→ Provided material

※ ※ ※

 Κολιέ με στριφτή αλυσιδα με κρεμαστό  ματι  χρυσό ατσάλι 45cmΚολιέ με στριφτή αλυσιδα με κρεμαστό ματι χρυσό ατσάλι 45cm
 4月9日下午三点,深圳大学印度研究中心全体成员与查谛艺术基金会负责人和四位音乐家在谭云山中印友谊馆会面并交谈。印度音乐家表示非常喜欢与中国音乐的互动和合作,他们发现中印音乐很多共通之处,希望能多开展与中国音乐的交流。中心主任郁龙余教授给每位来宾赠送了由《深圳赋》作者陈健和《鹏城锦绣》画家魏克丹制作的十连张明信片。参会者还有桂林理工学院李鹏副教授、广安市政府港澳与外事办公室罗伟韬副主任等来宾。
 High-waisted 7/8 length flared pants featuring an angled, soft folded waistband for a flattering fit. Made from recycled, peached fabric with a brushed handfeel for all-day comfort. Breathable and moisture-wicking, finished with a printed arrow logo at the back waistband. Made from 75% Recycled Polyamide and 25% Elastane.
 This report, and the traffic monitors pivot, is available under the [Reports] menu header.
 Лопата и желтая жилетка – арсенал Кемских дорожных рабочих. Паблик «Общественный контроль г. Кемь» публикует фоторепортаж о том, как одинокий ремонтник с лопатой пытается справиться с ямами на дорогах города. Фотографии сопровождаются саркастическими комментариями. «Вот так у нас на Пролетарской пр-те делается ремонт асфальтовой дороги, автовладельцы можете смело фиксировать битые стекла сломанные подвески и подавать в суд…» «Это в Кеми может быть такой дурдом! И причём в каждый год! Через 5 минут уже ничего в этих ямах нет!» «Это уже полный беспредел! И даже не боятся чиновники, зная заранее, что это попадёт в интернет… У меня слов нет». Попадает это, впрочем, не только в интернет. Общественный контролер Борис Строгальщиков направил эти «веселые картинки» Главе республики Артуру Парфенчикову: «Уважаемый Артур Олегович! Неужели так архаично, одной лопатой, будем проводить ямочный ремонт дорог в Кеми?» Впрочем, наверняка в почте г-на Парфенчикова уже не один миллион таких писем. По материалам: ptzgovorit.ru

※ ※ ※

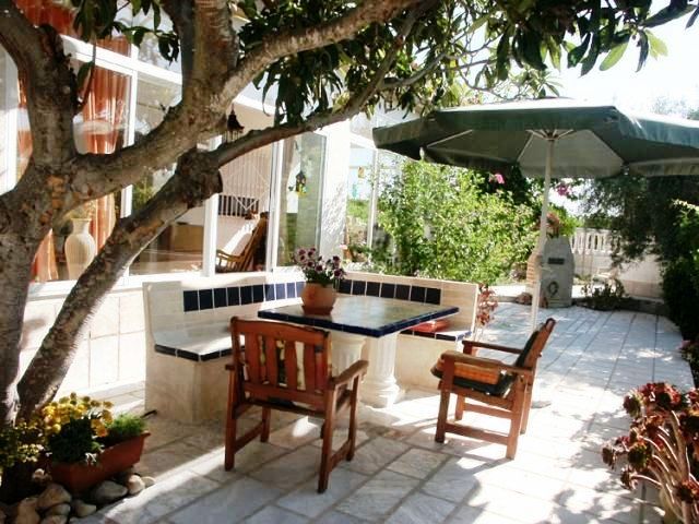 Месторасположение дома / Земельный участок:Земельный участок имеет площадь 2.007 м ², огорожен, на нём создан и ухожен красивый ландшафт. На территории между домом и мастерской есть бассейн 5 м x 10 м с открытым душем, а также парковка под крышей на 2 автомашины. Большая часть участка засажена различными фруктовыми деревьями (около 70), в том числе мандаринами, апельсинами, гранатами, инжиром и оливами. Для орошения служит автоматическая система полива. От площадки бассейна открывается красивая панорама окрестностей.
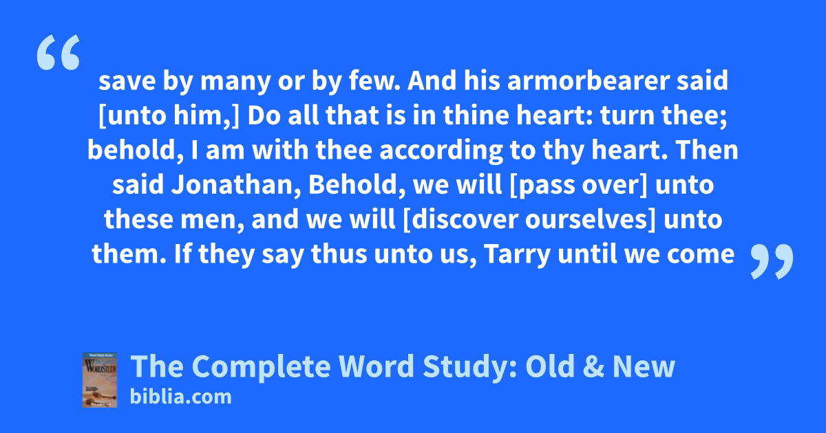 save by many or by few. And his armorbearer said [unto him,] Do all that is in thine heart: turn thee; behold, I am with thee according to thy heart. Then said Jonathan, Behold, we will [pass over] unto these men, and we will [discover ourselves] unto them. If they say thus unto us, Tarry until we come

※ ※ ※

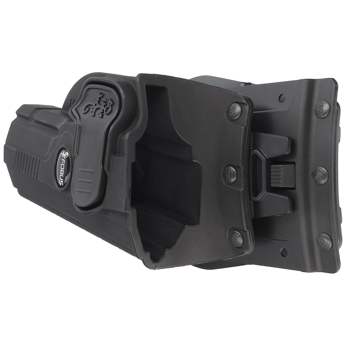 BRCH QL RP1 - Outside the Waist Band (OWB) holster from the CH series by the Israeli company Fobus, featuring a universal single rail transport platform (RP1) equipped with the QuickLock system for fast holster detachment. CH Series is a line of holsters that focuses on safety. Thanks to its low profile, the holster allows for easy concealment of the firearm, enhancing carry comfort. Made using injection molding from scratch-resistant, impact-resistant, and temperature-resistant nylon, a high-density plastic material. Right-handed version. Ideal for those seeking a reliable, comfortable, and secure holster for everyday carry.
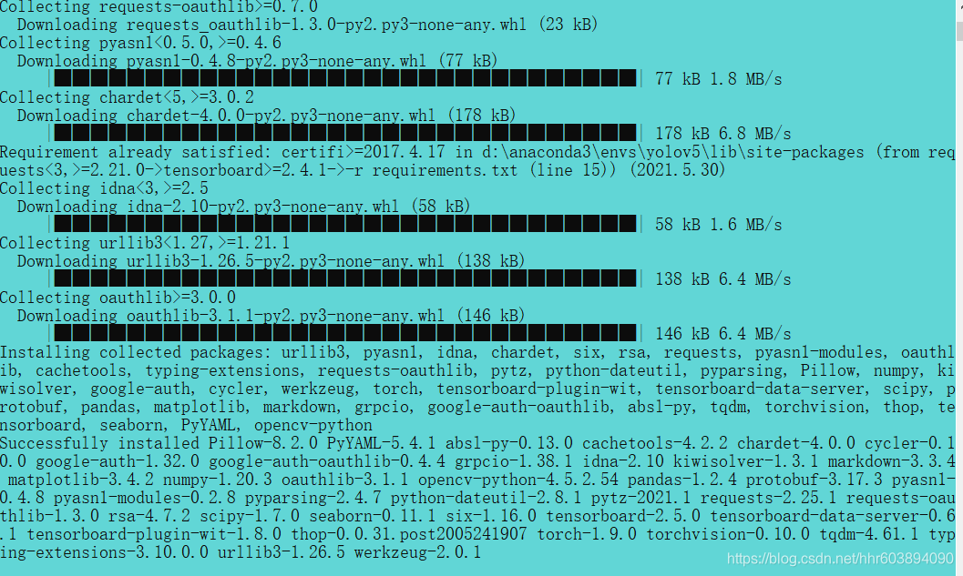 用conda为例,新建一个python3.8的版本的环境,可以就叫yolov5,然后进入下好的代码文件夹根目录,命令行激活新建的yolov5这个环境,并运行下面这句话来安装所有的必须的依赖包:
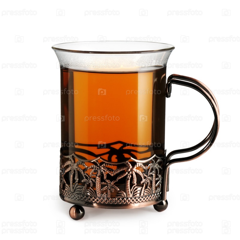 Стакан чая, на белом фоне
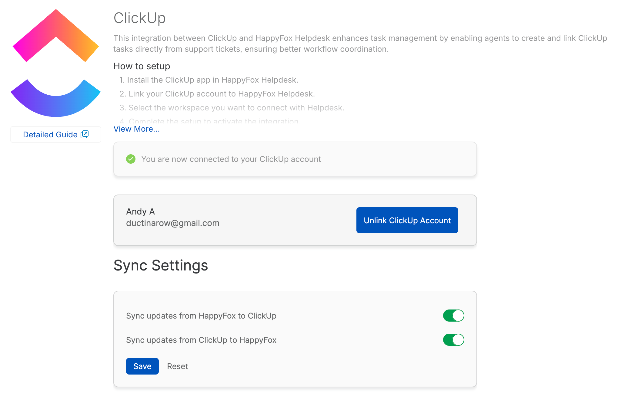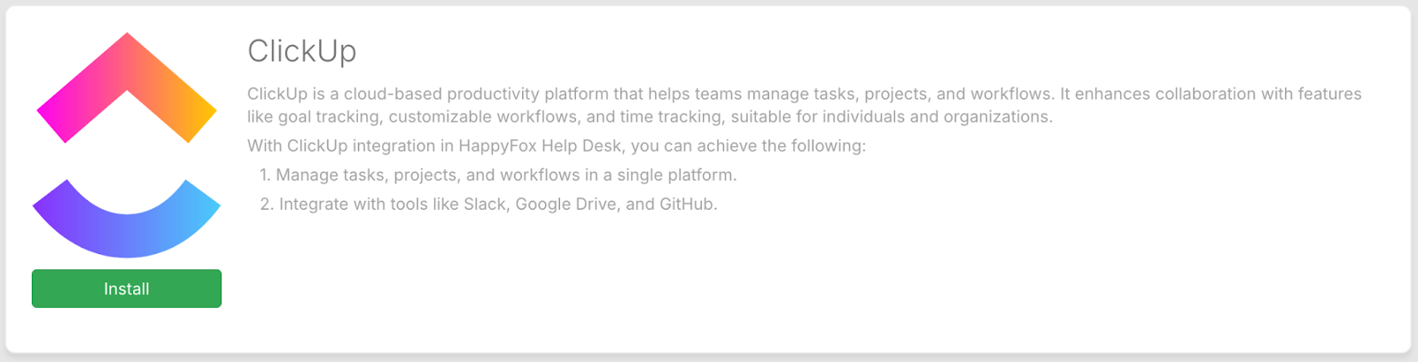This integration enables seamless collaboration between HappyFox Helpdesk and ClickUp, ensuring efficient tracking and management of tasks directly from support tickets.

※ ※ ※

→ What is expected
Reproduce exactly the entries above, limited to the lines from the one with "ματι χρυσό ατσάλι 45cm" through the one with "This report, and", both included.

→ Task solution
 Κολιέ με στριφτή αλυσιδα με κρεμαστό  ματι  χρυσό ατσάλι 45cmΚολιέ με στριφτή αλυσιδα με κρεμαστό ματι χρυσό ατσάλι 45cm
 4月9日下午三点,深圳大学印度研究中心全体成员与查谛艺术基金会负责人和四位音乐家在谭云山中印友谊馆会面并交谈。印度音乐家表示非常喜欢与中国音乐的互动和合作,他们发现中印音乐很多共通之处,希望能多开展与中国音乐的交流。中心主任郁龙余教授给每位来宾赠送了由《深圳赋》作者陈健和《鹏城锦绣》画家魏克丹制作的十连张明信片。参会者还有桂林理工学院李鹏副教授、广安市政府港澳与外事办公室罗伟韬副主任等来宾。
 High-waisted 7/8 length flared pants featuring an angled, soft folded waistband for a flattering fit. Made from recycled, peached fabric with a brushed handfeel for all-day comfort. Breathable and moisture-wicking, finished with a printed arrow logo at the back waistband. Made from 75% Recycled Polyamide and 25% Elastane.
 This report, and the traffic monitors pivot, is available under the [Reports] menu header.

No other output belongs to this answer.